BEGIN Given entries

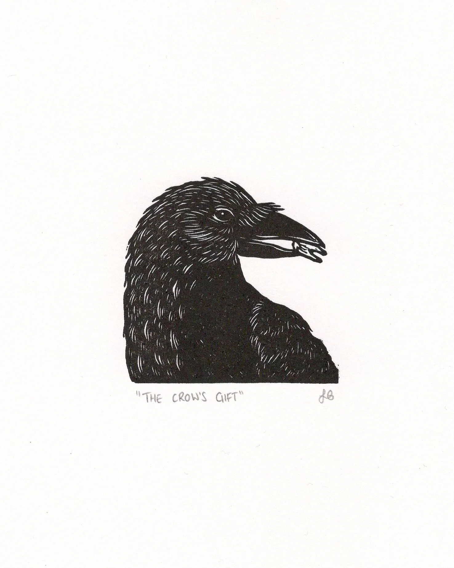 ‘The Crow’s Gift’ is printed using artist quality oil-based ink, made from linseed oil using lightfast pigments and without solvents. The paper is off-white, wood-free, acid free archival paper. Using artist grade materials ensures longevity of the artwork.
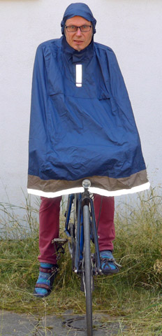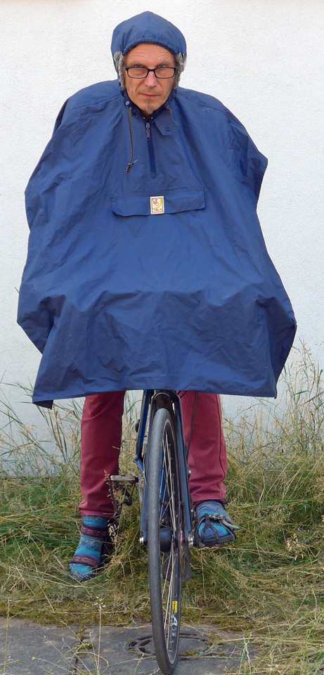 In Dänemark wird im Alltag viel Fahrrad gefahren, trotz häufigem Regen und Wind. Von daher wundert es nicht, dass dort ein Designbüro einen Fahrrad-Poncho in allen Aspekten neu durchdacht hat. Prinzipiell ist es eine offene Konstruktion wie der Hock Rain Care – seitlich aber etwas weiter herunter gezogen. Der Bereich, der vorne vor dem Lenker herunterhängt, lässt sich um ca. 15 cm hochraffen, damit bei sportlich tiefem Lenker der Scheinwerfer nicht verdeckt wird. Die Schlaufen für Hände bzw. Bremsgriffe sind mit robustem Klettband im Poncho befestigt und ebenfalls 15 cm in ihrer Höhe verstellbar. Die Frontpartie ist erheblich breiter geschnitten als der Rücken. Alles ist elegant gerundet. Die großzügige Kapuze ist in ihrer Weite mit einem Kordelzug verstellbar, was kräftig zusammengezogen auch einen guten Schulterblick ermöglicht. Die Kapuze ist innen angenehm mit Futterstoff ausgekleidet und kann im Kragen verstaut werden. Außergewöhnlich ist das Material: Es handelt sich zwar auch um PU-beschichtes Nylon, aber Stoff und Beschichtung sind deutlich schwerer ausgeführt als üblich. Zusätzlich sind großzügig reflektierende Elemente angebracht.
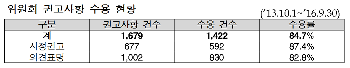 권고 수용률 95% 이상 우수 기관은 국가보훈처(100%), 경기 고양시(100%), 국민연금공단(100%) 등 7개 기관이며 80% 미만은 경기 성남시(50.0%), 한국농어촌공사(66.7%), 근로복지공단(67.3%) 등 8개 기관이다.
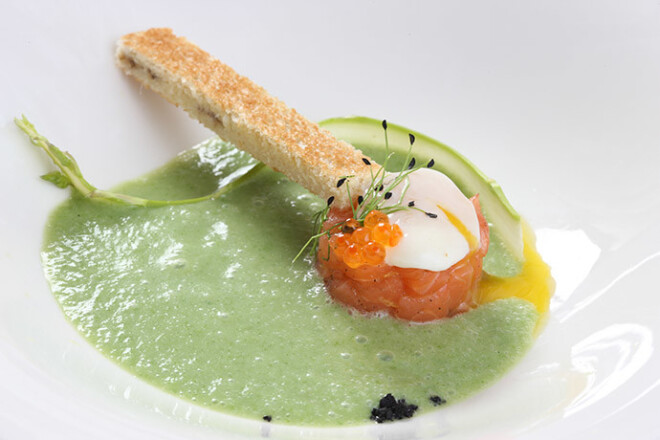 Sparģeļu aukstā zupa ar laša tartaru
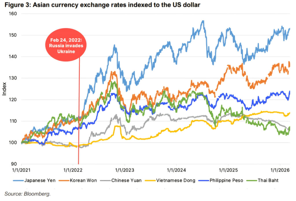 The result is a significant drawdown in foreign exchange reserves and a depreciation of local currencies. All net oil and gas importing countries in Asia experienced currency depreciation against the US dollar in 2022 (Figure 3). In the first seven days of the Iran conflict, emerging market currencies faced their worst week since 2020, as traders flock to safe havens in gold and US dollars.
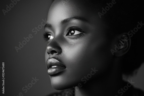 Portrait of a young woman with smooth skin looking up in black and white. Smooth makeup reflects the light on face.
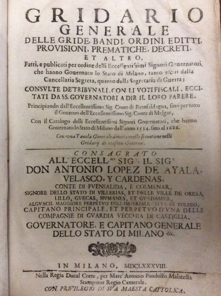 GRIDARIO GENERALE DELLE GRIDE, BANDI, ORDINI, EDITTI, PROVISIONI, PREMATICHE, DECRETI ET ALTRO. - Fatti e publicati per ordine delli Eccell.mi Signori Governatori che hanno governato lo Stato di Milano, tanto usciti dalla Cancellaria Segreta, quanto dalla Segretaria di Guerra; consulte de' tribunali, con li voti fiscali, eccitati da SS. Governatori a dir il loro parere.... ... Con una tavola generale di tutto quello si contiene nelli Gridarij di ciascun Governo.
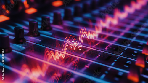 Illuminated Soundwaves Dancing Across a Mixer Board, Capturing the Fiery Essence of Music Through Vivid Hues of Red and Blue on a Dark Background in a Technological Symphony
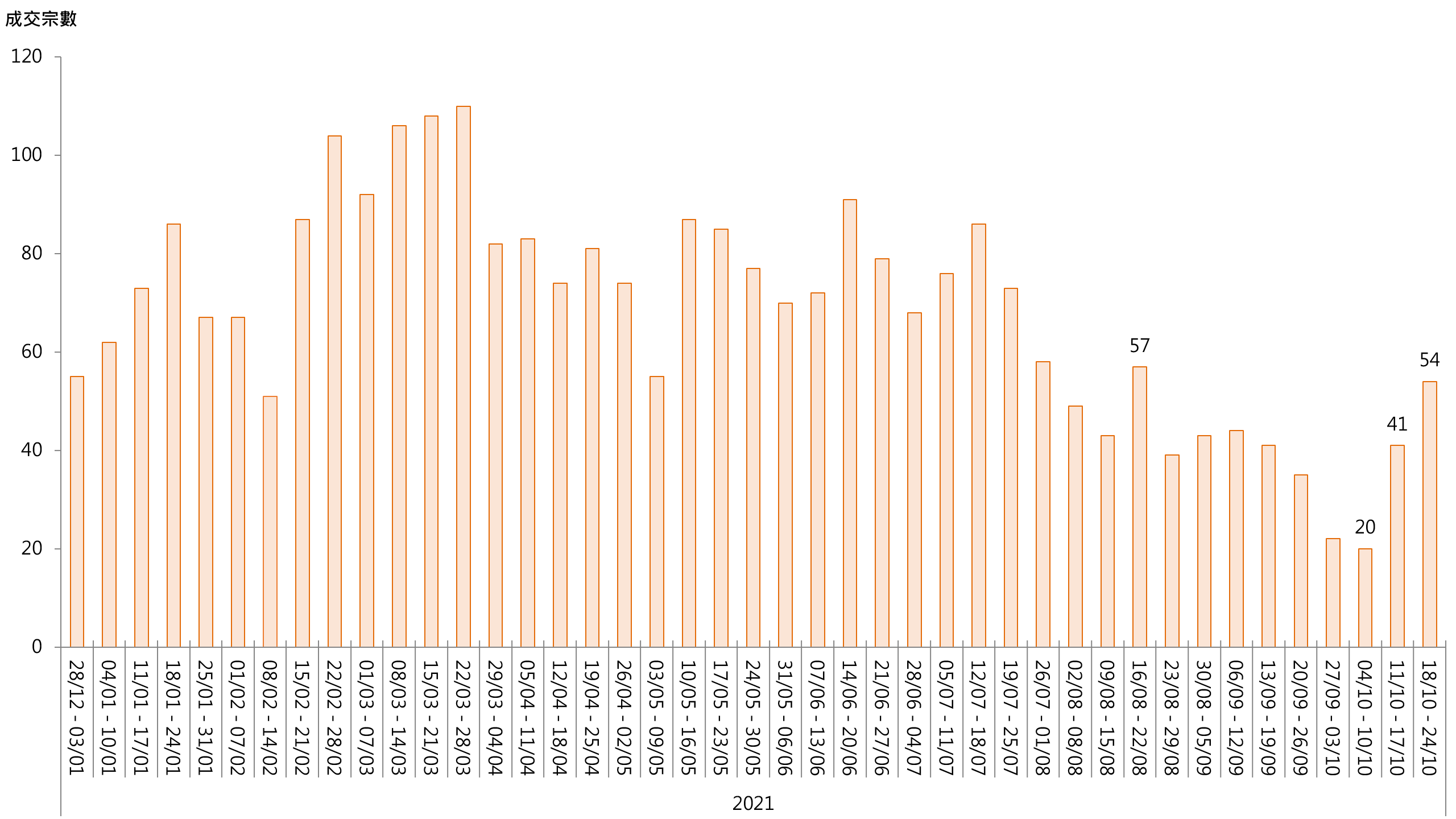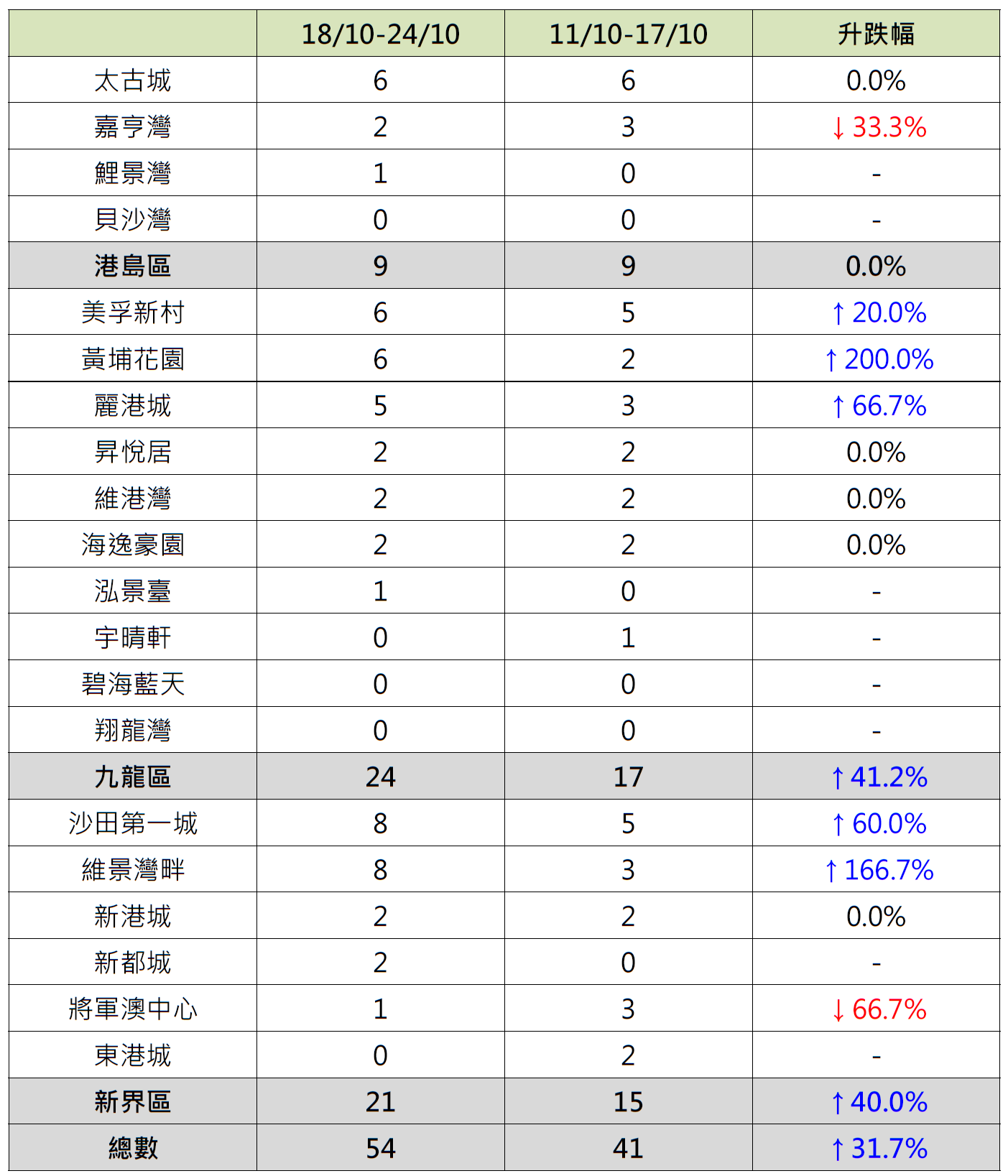 据本行前线分行所录得的数字显示,综合过去一星期(10月18日至10月24日)全港20大主要屋苑二手买卖录54宗成交,较前周(10月11日至10月17日)的41宗增加约31.7%,连升两周,创近9周新高(见图)。
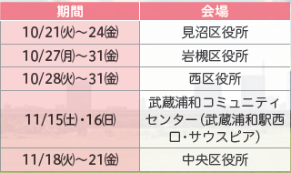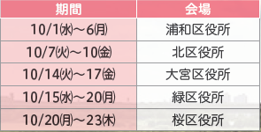 ※各区役所は土・日曜日、祝日を除く、8時30分~17時15分(初日は10時から、最終日は15時まで)、武蔵浦和コミュニティセンターは10時~16時です。
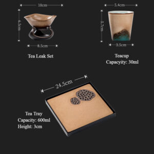 - 08 Pieces: Includes 1x Kyusu Teapot, 1x Fair Cup, 1x Tea Strainer Set, 4x Cups, 1x Tray
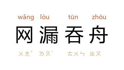 网:渔网,比喻法网;吞舟:吞舟的大鱼,比喻大奸。网里漏掉吞舟大鱼。比喻法律太宽,使重大的罪犯也能漏网。
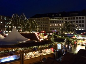 De Kerstmarkt op zich is niet de grootste onder de Duitse steden maar door het compacte karakter is hij wel heel overzichtelijk en goed te behappen. De omliggende winkels en horeca doen de rest. Mijn vaste adresje daar is de winkel van Hunerbein. Voor trein- en modelliefhebbers een must. Je weet echt niet waar je kijken moet en de mensen zijn er aardig en hulpvaardig. De Mayerische Buchhandlung is er ook zo een. Lekkere zaak is ook de Galleria Kaufhoff waar je zo heerlijk een stukje taart met een warm drankje kunt halen in het warme en fraai versierde restaurant. Het nieuwe winkelcentrum (aan de andere kant van het centrum, als je het bekijkt vanuit het oude stadhuis) is een aanwinst. Vier enorme etages winkels en horeca, inclusief toiletten en zo meer. Het heeft de stad echt verrijkt.
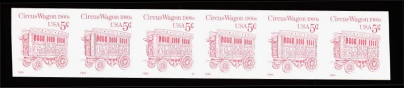 802 nh 2452De image#2452De, 5c Circus Wagon coil, imperforate, very scarce plate no. S2 strip of six, very well margined, with usual P.O. counting number on reverse of one stamp, o.g., n.h., extremely fine; this imperforate error is listed but unpriced in both the Scott and Datz catalogs. (Image) Est. 500-750
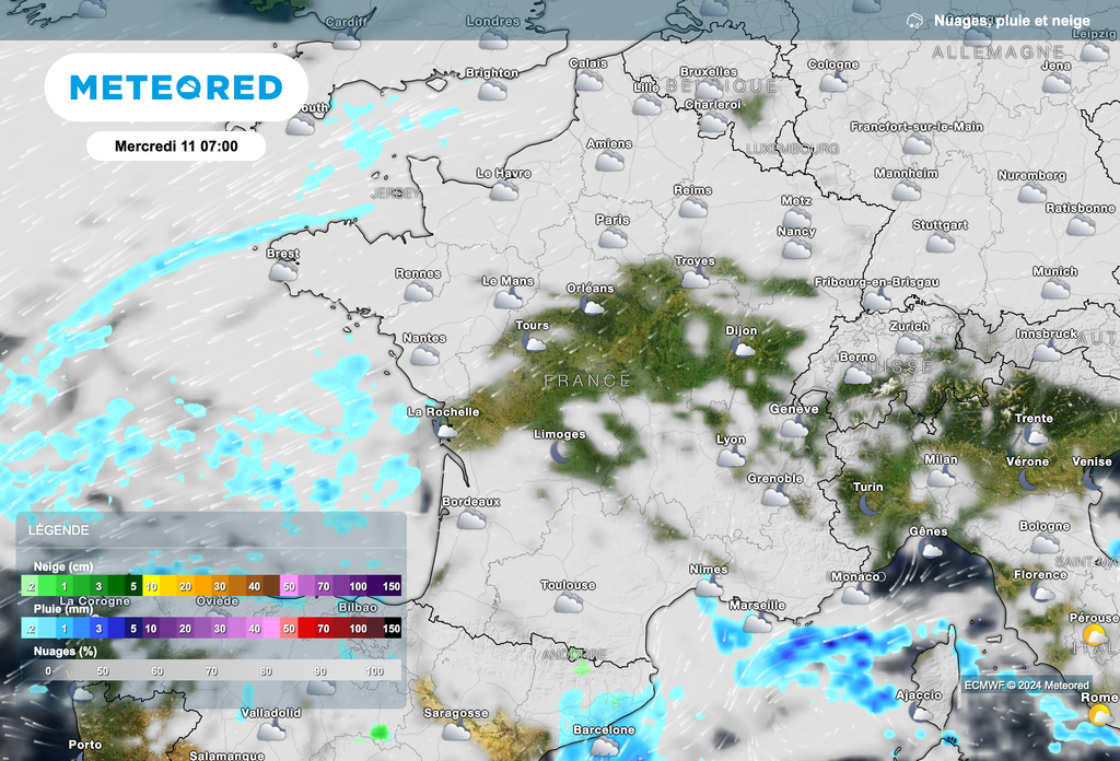 Un soleil plus généreux s’imposera en direction des Alpes et du pourtour méditerranéen. Toutefois, quelques flocons resteront possibles sur les Pyrénées et le Mercantour.

END Given entries

* **Directions**: Reproduce the entries above exactly. Do not include the images.

* **Final answer**:
 ‘The Crow’s Gift’ is printed using artist quality oil-based ink, made from linseed oil using lightfast pigments and without solvents. The paper is off-white, wood-free, acid free archival paper. Using artist grade materials ensures longevity of the artwork.
 In Dänemark wird im Alltag viel Fahrrad gefahren, trotz häufigem Regen und Wind. Von daher wundert es nicht, dass dort ein Designbüro einen Fahrrad-Poncho in allen Aspekten neu durchdacht hat. Prinzipiell ist es eine offene Konstruktion wie der Hock Rain Care – seitlich aber etwas weiter herunter gezogen. Der Bereich, der vorne vor dem Lenker herunterhängt, lässt sich um ca. 15 cm hochraffen, damit bei sportlich tiefem Lenker der Scheinwerfer nicht verdeckt wird. Die Schlaufen für Hände bzw. Bremsgriffe sind mit robustem Klettband im Poncho befestigt und ebenfalls 15 cm in ihrer Höhe verstellbar. Die Frontpartie ist erheblich breiter geschnitten als der Rücken. Alles ist elegant gerundet. Die großzügige Kapuze ist in ihrer Weite mit einem Kordelzug verstellbar, was kräftig zusammengezogen auch einen guten Schulterblick ermöglicht. Die Kapuze ist innen angenehm mit Futterstoff ausgekleidet und kann im Kragen verstaut werden. Außergewöhnlich ist das Material: Es handelt sich zwar auch um PU-beschichtes Nylon, aber Stoff und Beschichtung sind deutlich schwerer ausgeführt als üblich. Zusätzlich sind großzügig reflektierende Elemente angebracht.
 권고 수용률 95% 이상 우수 기관은 국가보훈처(100%), 경기 고양시(100%), 국민연금공단(100%) 등 7개 기관이며 80% 미만은 경기 성남시(50.0%), 한국농어촌공사(66.7%), 근로복지공단(67.3%) 등 8개 기관이다.
 Sparģeļu aukstā zupa ar laša tartaru
 The result is a significant drawdown in foreign exchange reserves and a depreciation of local currencies. All net oil and gas importing countries in Asia experienced currency depreciation against the US dollar in 2022 (Figure 3). In the first seven days of the Iran conflict, emerging market currencies faced their worst week since 2020, as traders flock to safe havens in gold and US dollars.
 Portrait of a young woman with smooth skin looking up in black and white. Smooth makeup reflects the light on face.
 GRIDARIO GENERALE DELLE GRIDE, BANDI, ORDINI, EDITTI, PROVISIONI, PREMATICHE, DECRETI ET ALTRO. - Fatti e publicati per ordine delli Eccell.mi Signori Governatori che hanno governato lo Stato di Milano, tanto usciti dalla Cancellaria Segreta, quanto dalla Segretaria di Guerra; consulte de' tribunali, con li voti fiscali, eccitati da SS. Governatori a dir il loro parere.... ... Con una tavola generale di tutto quello si contiene nelli Gridarij di ciascun Governo.
 Illuminated Soundwaves Dancing Across a Mixer Board, Capturing the Fiery Essence of Music Through Vivid Hues of Red and Blue on a Dark Background in a Technological Symphony
 据本行前线分行所录得的数字显示,综合过去一星期(10月18日至10月24日)全港20大主要屋苑二手买卖录54宗成交,较前周(10月11日至10月17日)的41宗增加约31.7%,连升两周,创近9周新高(见图)。
 ※各区役所は土・日曜日、祝日を除く、8時30分~17時15分(初日は10時から、最終日は15時まで)、武蔵浦和コミュニティセンターは10時~16時です。
 - 08 Pieces: Includes 1x Kyusu Teapot, 1x Fair Cup, 1x Tea Strainer Set, 4x Cups, 1x Tray
 网:渔网,比喻法网;吞舟:吞舟的大鱼,比喻大奸。网里漏掉吞舟大鱼。比喻法律太宽,使重大的罪犯也能漏网。
 De Kerstmarkt op zich is niet de grootste onder de Duitse steden maar door het compacte karakter is hij wel heel overzichtelijk en goed te behappen. De omliggende winkels en horeca doen de rest. Mijn vaste adresje daar is de winkel van Hunerbein. Voor trein- en modelliefhebbers een must. Je weet echt niet waar je kijken moet en de mensen zijn er aardig en hulpvaardig. De Mayerische Buchhandlung is er ook zo een. Lekkere zaak is ook de Galleria Kaufhoff waar je zo heerlijk een stukje taart met een warm drankje kunt halen in het warme en fraai versierde restaurant. Het nieuwe winkelcentrum (aan de andere kant van het centrum, als je het bekijkt vanuit het oude stadhuis) is een aanwinst. Vier enorme etages winkels en horeca, inclusief toiletten en zo meer. Het heeft de stad echt verrijkt.
 802 nh 2452De image#2452De, 5c Circus Wagon coil, imperforate, very scarce plate no. S2 strip of six, very well margined, with usual P.O. counting number on reverse of one stamp, o.g., n.h., extremely fine; this imperforate error is listed but unpriced in both the Scott and Datz catalogs. (Image) Est. 500-750
 Un soleil plus généreux s’imposera en direction des Alpes et du pourtour méditerranéen. Toutefois, quelques flocons resteront possibles sur les Pyrénées et le Mercantour.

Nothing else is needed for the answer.